Ей на самом деле показалось, что она говорит правду. Но не потому, что не чувствовала усталости или ей не было тяжело. Наоборот, руки уже гудели и ломило спину. Но она была убеждена: признаться в этом – значит доказать досадную слабость, в чем-то стать недостойной других. К тому же так было принято отвечать. Однако, когда взгляд ее упал на кирку, на запыленные, порыжевшие тапочки, сделалось жалко себя, и, если б не стыд, из глаз, возможно, брызнули бы слезы.
– Ну и как все-таки? – настойчиво переспросил Кондратенко.
– Конечно, немного тяжело… – поправилась Валя. – Но, честное комсомольское, про это как-то забываешь…
Наклонив голову, исподлобья, он внимательно посмотрел на нее, кивнул и пошел дальше. За нам двинулись остальные.
Переведя дыхание, Валя чуть успокоилась. Но, когда она хотела было взяться за работу, кто-то, неслышно подойдя сзади, закрыл ей глаза ладонями.
"Алешка!" – ужаснулась она, снова не зная, что делать.
Но руки были не мужские, и держали они Валину голову некрепко. Да и тот, кто держал, сам едва владел собой.
– Зося! – снова не ведая как, узнала она. – Родная! Я слышала, что ты в городе. Пусти! Я тебя из тысячи угадаю…
Она бросила кирку и порывисто обернулась. Перед ней действительно стояла Зося.
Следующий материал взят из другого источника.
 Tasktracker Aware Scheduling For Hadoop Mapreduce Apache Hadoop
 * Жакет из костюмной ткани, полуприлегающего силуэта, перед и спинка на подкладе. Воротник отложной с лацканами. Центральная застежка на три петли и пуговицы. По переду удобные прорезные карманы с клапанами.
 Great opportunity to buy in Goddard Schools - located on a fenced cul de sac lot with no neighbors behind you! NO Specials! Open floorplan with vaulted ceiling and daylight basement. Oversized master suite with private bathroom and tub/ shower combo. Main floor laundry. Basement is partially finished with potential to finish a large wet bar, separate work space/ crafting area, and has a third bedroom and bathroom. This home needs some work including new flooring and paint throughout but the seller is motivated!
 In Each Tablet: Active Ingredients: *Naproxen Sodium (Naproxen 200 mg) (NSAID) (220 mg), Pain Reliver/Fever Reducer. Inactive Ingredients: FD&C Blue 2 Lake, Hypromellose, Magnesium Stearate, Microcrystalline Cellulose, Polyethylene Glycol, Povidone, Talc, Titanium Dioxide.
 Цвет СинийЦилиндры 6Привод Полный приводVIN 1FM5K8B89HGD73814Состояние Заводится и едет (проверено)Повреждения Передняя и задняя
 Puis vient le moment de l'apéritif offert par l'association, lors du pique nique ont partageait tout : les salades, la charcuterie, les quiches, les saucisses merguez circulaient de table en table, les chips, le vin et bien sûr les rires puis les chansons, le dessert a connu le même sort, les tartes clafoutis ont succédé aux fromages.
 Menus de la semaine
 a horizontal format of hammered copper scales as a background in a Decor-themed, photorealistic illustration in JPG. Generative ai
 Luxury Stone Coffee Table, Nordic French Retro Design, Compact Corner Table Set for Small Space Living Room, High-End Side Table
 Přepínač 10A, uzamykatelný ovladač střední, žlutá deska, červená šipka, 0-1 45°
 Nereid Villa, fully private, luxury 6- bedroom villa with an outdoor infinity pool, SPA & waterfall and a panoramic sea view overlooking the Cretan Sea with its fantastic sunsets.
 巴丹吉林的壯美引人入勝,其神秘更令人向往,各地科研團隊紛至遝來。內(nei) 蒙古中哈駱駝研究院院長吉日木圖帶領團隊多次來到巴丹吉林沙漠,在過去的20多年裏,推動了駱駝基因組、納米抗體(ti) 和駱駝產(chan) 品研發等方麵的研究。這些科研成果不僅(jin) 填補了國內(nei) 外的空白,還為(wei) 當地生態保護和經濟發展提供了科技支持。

– Боже мой! Чего ты плачешь?
– Не могу, – призналась та, всхлипывая и не сводя с подруги радостных, влюбленных глаз. Но было заметно – встреча и смущает ее. Она смотрела на Валю, и краска выступала на ее лице. Ей, видимо, показалось, что возвращается прошлое. Видимо, появилось ощущение, что Валя может вот сейчас подмигнуть и невпопад что-нибудь ляпнуть про Алексея или вообще., И, чтобы опередить ее, она сказала:
– А ты совсем-совсем не изменилась.
– Когда тут было изменяться, – поправила Валя косынку. – А Минск, наверное, одни партизаны заселили. Кто по брони, кто так… Здесь ведь и Зимчук и Алешка. Помнишь тот, кудрявый? Подпольщик. Ты ему как-то еще руку перевязывала, когда приходил из города…
– Говорят, туго сейчас некоторым из них, – преодолела замешательство Зося. – Провалы ведь были. Причины ищут.
– Глупости! Ты слушан только. Мне Иван Матвеевич давно бы сказал. Мы же с ним вместе живем.
Они обнялись и так на минутку застыли.
– А Лешу, Валя, ранило, – пожаловалась Зося, прижимаясь к ее плечу.
– Алексея? – переспросила Валя. – Что ты, Зосечка? Сильно?
– Пишет, что нет. Да разве его можно слушать. Ты же знаешь, он, умирая, не пожалуется.
– И как же ты теперь?
Зося опустила руки.
– Живу вот. Ходила в Наркомпрос, в школу направляют. Так что…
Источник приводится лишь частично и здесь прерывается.